- What the task requires -
Exact copy, no pictures: every line from the one that contains "А 9,10,11,12,13,14,15 рішенія" through the end of the data below, and nothing else.

[Collected data]
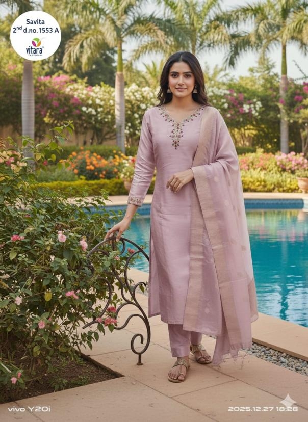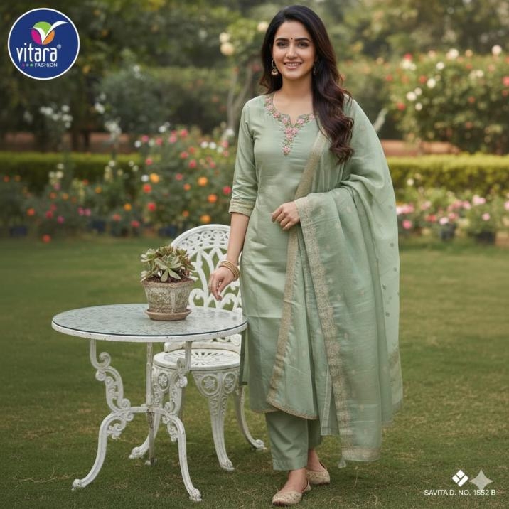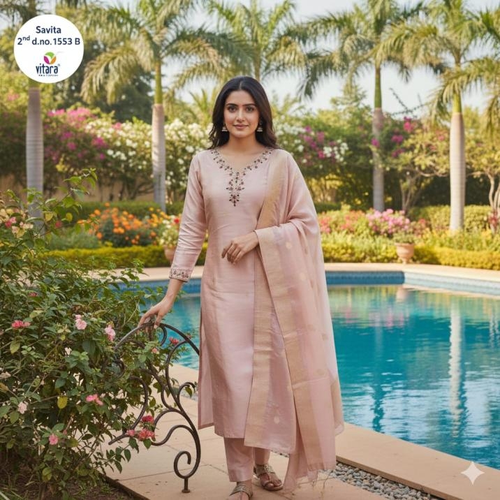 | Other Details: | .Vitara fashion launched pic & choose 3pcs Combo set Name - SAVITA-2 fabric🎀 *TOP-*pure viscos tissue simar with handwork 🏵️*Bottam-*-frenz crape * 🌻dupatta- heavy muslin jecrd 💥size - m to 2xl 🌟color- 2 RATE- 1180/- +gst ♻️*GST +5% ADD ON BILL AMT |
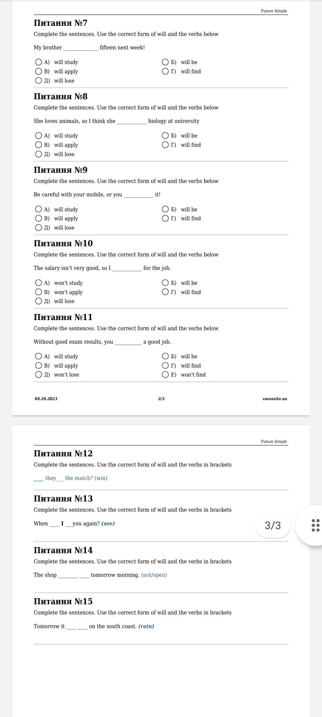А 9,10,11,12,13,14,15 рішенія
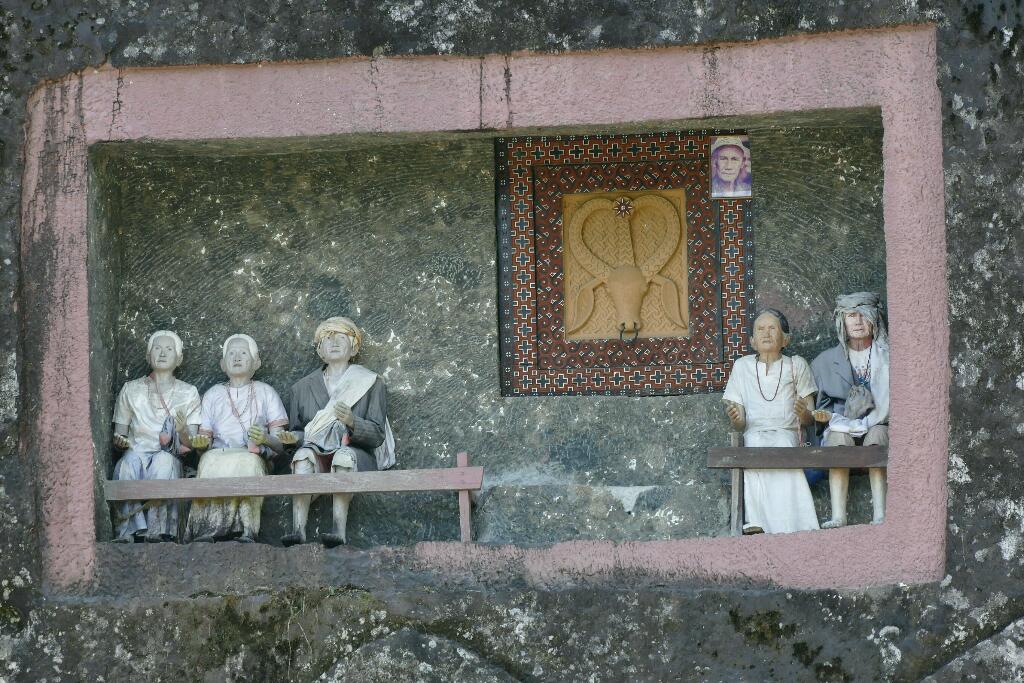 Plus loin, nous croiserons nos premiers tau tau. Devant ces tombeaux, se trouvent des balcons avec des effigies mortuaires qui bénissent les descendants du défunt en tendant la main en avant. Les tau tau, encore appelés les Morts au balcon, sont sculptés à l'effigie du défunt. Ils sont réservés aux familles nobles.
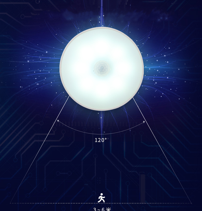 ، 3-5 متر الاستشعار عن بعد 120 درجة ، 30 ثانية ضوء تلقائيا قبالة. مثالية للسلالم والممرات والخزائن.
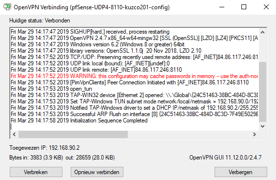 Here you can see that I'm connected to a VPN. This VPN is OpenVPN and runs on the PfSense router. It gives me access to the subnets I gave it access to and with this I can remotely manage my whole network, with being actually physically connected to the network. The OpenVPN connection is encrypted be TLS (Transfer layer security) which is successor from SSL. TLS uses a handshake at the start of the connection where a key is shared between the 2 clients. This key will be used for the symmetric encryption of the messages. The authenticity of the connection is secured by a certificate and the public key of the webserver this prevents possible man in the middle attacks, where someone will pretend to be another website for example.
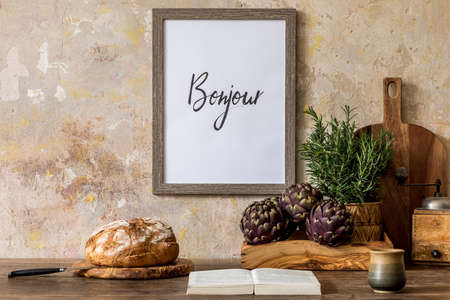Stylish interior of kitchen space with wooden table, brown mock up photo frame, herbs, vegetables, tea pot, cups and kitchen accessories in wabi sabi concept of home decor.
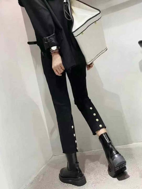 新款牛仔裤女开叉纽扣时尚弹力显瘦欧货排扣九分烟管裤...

- Answer for this exercise -
А 9,10,11,12,13,14,15 рішенія
 Plus loin, nous croiserons nos premiers tau tau. Devant ces tombeaux, se trouvent des balcons avec des effigies mortuaires qui bénissent les descendants du défunt en tendant la main en avant. Les tau tau, encore appelés les Morts au balcon, sont sculptés à l'effigie du défunt. Ils sont réservés aux familles nobles.
 ، 3-5 متر الاستشعار عن بعد 120 درجة ، 30 ثانية ضوء تلقائيا قبالة. مثالية للسلالم والممرات والخزائن.
 Here you can see that I'm connected to a VPN. This VPN is OpenVPN and runs on the PfSense router. It gives me access to the subnets I gave it access to and with this I can remotely manage my whole network, with being actually physically connected to the network. The OpenVPN connection is encrypted be TLS (Transfer layer security) which is successor from SSL. TLS uses a handshake at the start of the connection where a key is shared between the 2 clients. This key will be used for the symmetric encryption of the messages. The authenticity of the connection is secured by a certificate and the public key of the webserver this prevents possible man in the middle attacks, where someone will pretend to be another website for example.
Stylish interior of kitchen space with wooden table, brown mock up photo frame, herbs, vegetables, tea pot, cups and kitchen accessories in wabi sabi concept of home decor.
 新款牛仔裤女开叉纽扣时尚弹力显瘦欧货排扣九分烟管裤...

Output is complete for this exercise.